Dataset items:
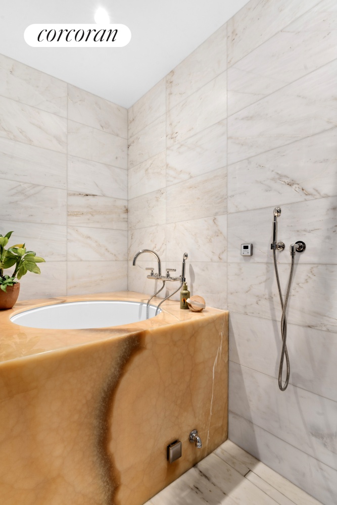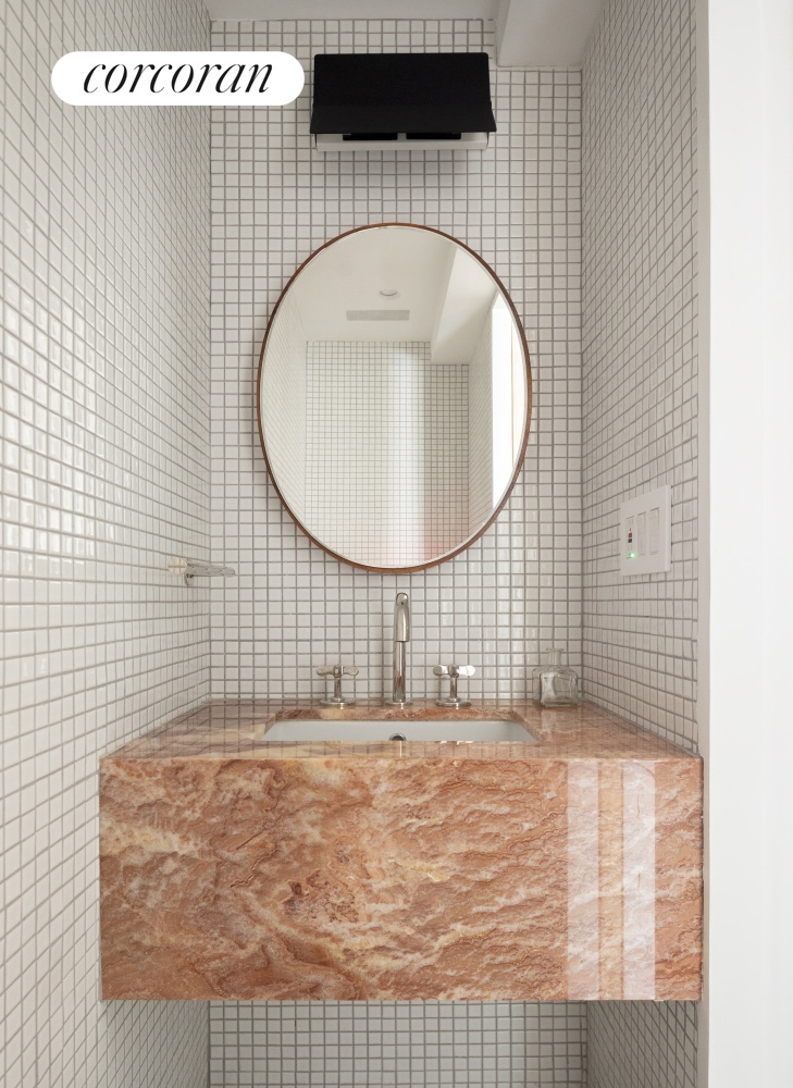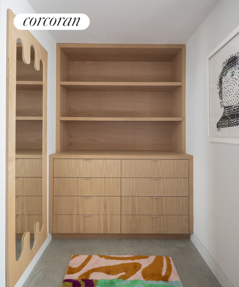 With its own private entrance beneath the stoop, the one-bedroom, 1.5-bath rental is equally impressive. The king-size bedroom includes a custom dressing room with built-in closets and drawers, leading to a luxurious bathroom with a long marble vanity and walk-in shower. A hallway with a powder room and Miele laundry closet leads to a peaceful great room where natural textures - polished concrete, warm wood cabinetry, and light green quartz - create an atmosphere of understated luxury. The rear wall opens to the garden through another Yawal glass wall, inviting the outdoors in.
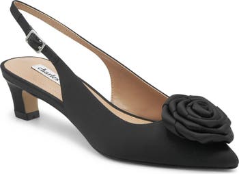 A voluminous floral appliqué adorns the pointy toe on an elegant satin pump set on a chunky kitten heel and secured with an adjustable slingback strap. A cushioned footbed and slip-resistant sole offer comfort and stability.
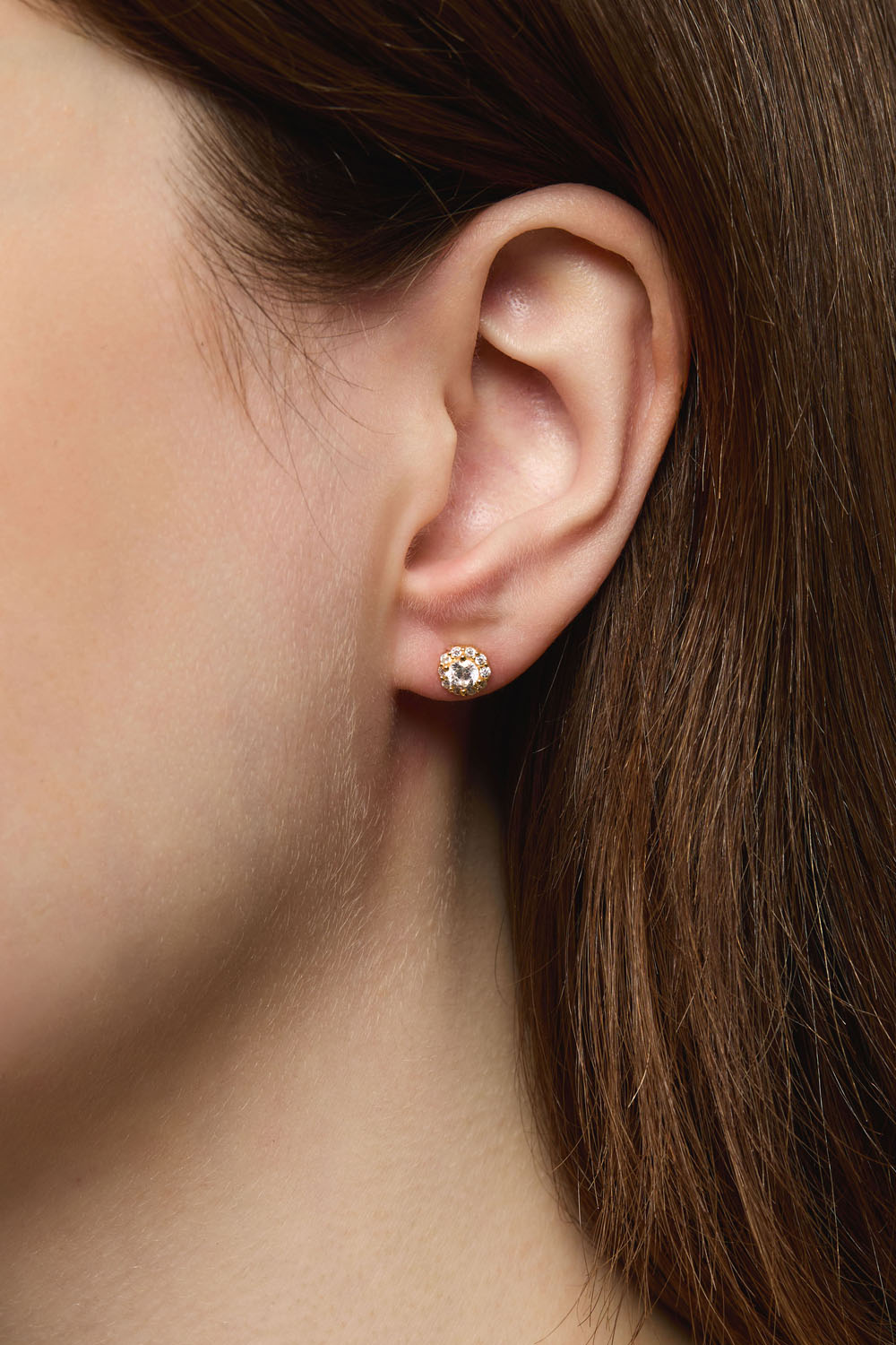 Små runde øredobber i 18k gullbelagt ekte sølv utsmykket med en større kubisk zirkonia-stein og små kubisk zirkonia-steiner plassert rundt. Et par enkle, men glitrende øredobber som passer til flere anledninger.
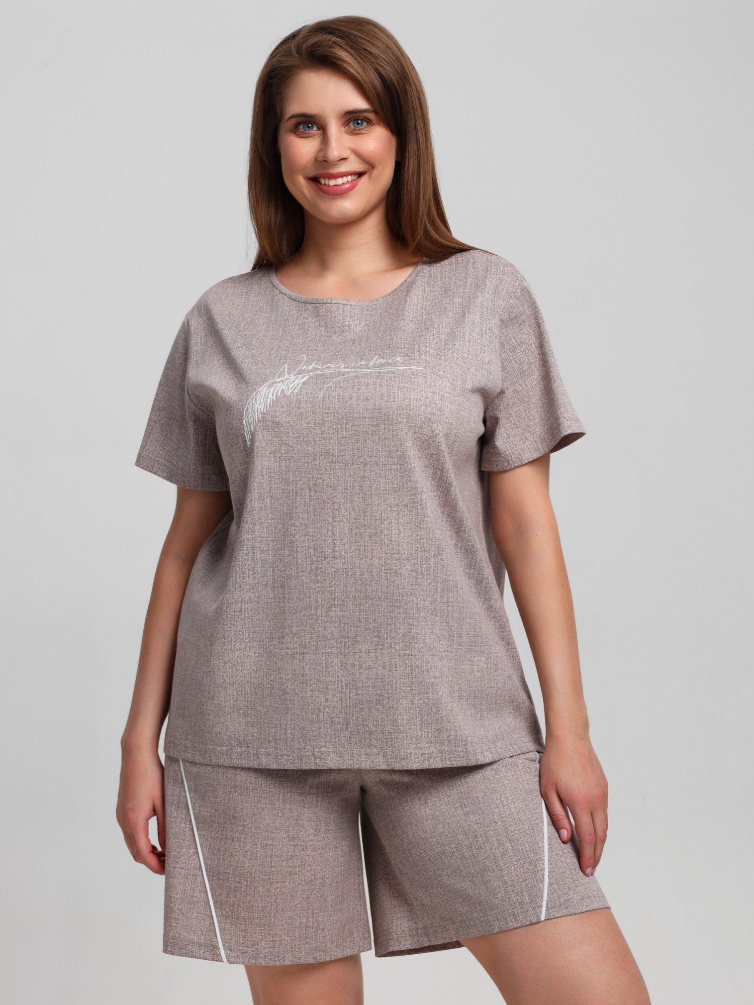 Костюм женский из трикотажного полотна «кулирка» с набивным рисунком, состоящий Футболка – из полотна с набивным рисунком, свободного покроя, с короткими втачными рукавами, горловиной овальной формы, окантованной основным материалом. На полочке выполнена вышивка.Шорты - из полотна с набивным рисунком, свободные, с карманами в боковых швах, на притачном поясе с эластичной тесьмой внутри. Детали передних половин разрезаны по косой, в шве соединения кант контрастного цвета.
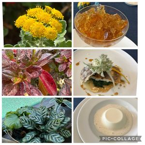 ①↖️②イソギク寒くなったら一気に咲いて来た ⬅️③ツツジ(ウオレッシュ ルビ ー)渋くてステキ〜🤎❤️ ↙️④カラテア?町のお店の前に飾ってあった🪴 ➡️お友達とフレンチ(平日女性限定ランチ)😋
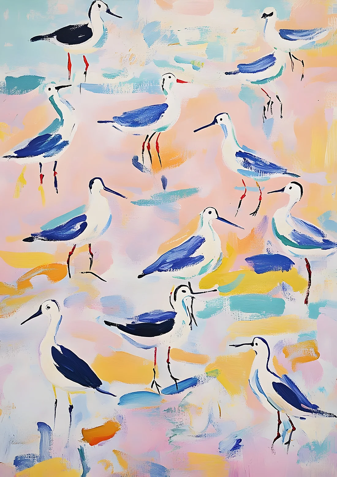This enchanting print, titled ‘Seagulls’, beautifully encapsulates the vibrancy of coastal life, showcasing a delightful array of whimsical seagulls in playful motion against a backdrop of soft pastels. The gentle hues of pink, blue, and yellow work harmoniously to create a serene atmosphere, reminiscent of gentle sea breezes and the soothing sounds of the shore. Each brushstroke conveys a sense of movement, as if the birds are caught mid-flight, embodying the lively spirit of nature. More than just an artistic representation, this piece is a celebration of freedom and joy. Its modern aesthetic effortlessly complements contemporary decor, making it an ideal choice for any space seeking a touch of the outdoors. The harmonious colour palette invites tranquillity, transforming your environment into a peaceful retreat. Elevate your walls with this stunning print, infusing your home with life and colour, while capturing the essence of nature’s beauty.

- **Task goal**: Only the lines from the beginning of the records through the line bearing "A voluminous floral" belong in the answer, copied word for word with pictures left out.

- **Written answer**:
 With its own private entrance beneath the stoop, the one-bedroom, 1.5-bath rental is equally impressive. The king-size bedroom includes a custom dressing room with built-in closets and drawers, leading to a luxurious bathroom with a long marble vanity and walk-in shower. A hallway with a powder room and Miele laundry closet leads to a peaceful great room where natural textures - polished concrete, warm wood cabinetry, and light green quartz - create an atmosphere of understated luxury. The rear wall opens to the garden through another Yawal glass wall, inviting the outdoors in.
 A voluminous floral appliqué adorns the pointy toe on an elegant satin pump set on a chunky kitten heel and secured with an adjustable slingback strap. A cushioned footbed and slip-resistant sole offer comfort and stability.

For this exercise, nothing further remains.